For the past three decades, China has made amazing achievements in economic and social development but the CCP has explicitly and firmly refused the ideas and reforms of liberal democracy.

The human rights situation has been deteriorating. What’s happening in Xinjiang – the ongoing Uyghur genocide – is arguably the worst humanitarian disaster of our time. It’s hard not to recognise the failure of the engagement policy towards China, but in my opinion, unprincipled engagement with an autocratic regime is nearly appeasement.

Huawei is not a private company, though it was legally registered as such. The trials of two Michaels are not about law, but merely producing bargaining chips. The overseas outlets operated by the CCP are not media, but a propaganda machine. The Belt and Road Initiative is less an economic project, than a political stratagem. Beijing is eager to host Olympics not because of the love of sports, but the needs of a propaganda bonanza. Beijing has ratified dozens of international human rights treaties, not for abiding by them, but for manipulating them. At the UN or any international fora, the Chinese government represents the interest of, not the Chinese people, but a small privileged group of the Party.

These are simple facts, but the world has been misguided and confused for too long. Some have realised China’s threat to global freedom and democracy, but far from enough.
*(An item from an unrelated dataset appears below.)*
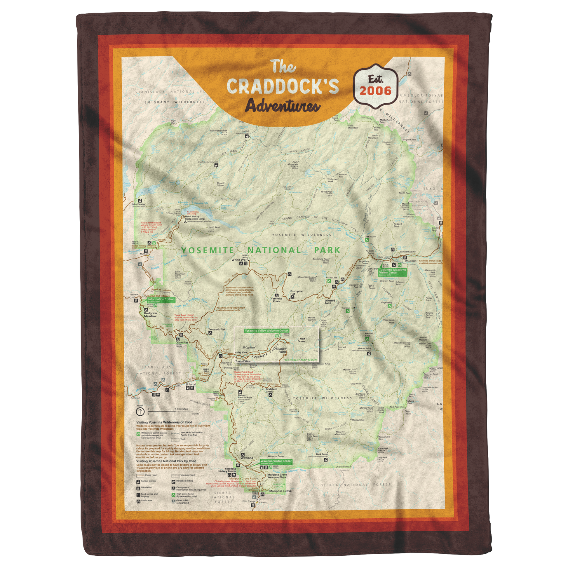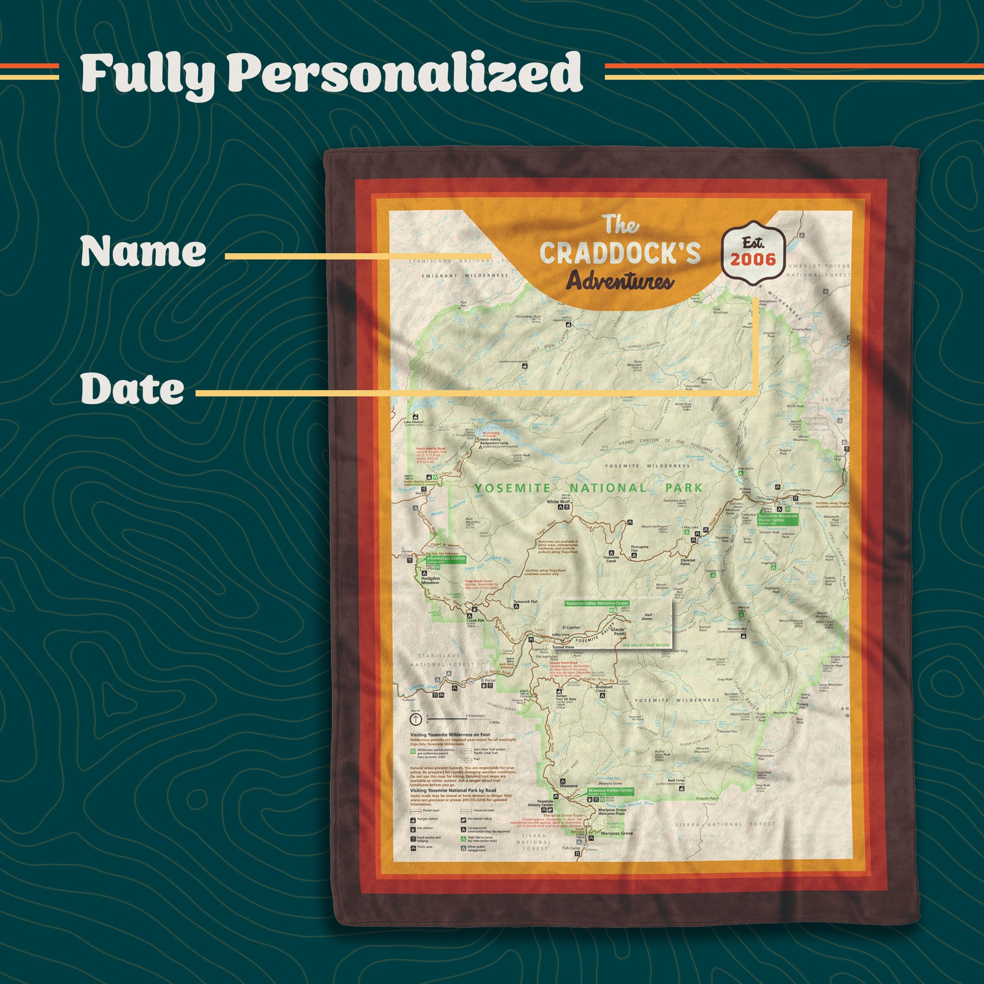 Wrap yourself in memories of Yosemite National Park with this cozy personalized blanket! Featuring a beautifully detailed map of the park, it’s the perfect way to celebrate your favorite adventures. Add your family’s name for a unique keepsake or gift it to your outdoorsy loved ones to inspire their next trip. Ideal for snuggling at home or keeping warm by the campfire!

Once the world sees the CCP more clearly, feasible and powerful actions can be found easily: reducing economic reliance on China, boycotting Beijing Olympics, banning products of forced labour, supporting prisoners of conscience and rights activists, stop selling surveillance technologies to Beijing, not voting China into the Human Rights Council, passing Magnitsky-style laws, not repatriating Uyghurs and Turkic people to China, not providing a safe haven to corrupt officials and human rights abuses, and so on and so on.

If Canada surrenders to Beijing’s bullying, the Chinese authorities will get a message that hostage-taking is working and they will resort to more kidnappings and blackmails. Canada needs more support.

Anyone single free country seems not able to confront the profound challenge that the rising regime has brought to the world, so it’s immensely important and urgent to build up more proactive and value-based democratic allies.

Teng Biao is Pozen Visiting Professor at the University of Chicago and a human rights lawyer.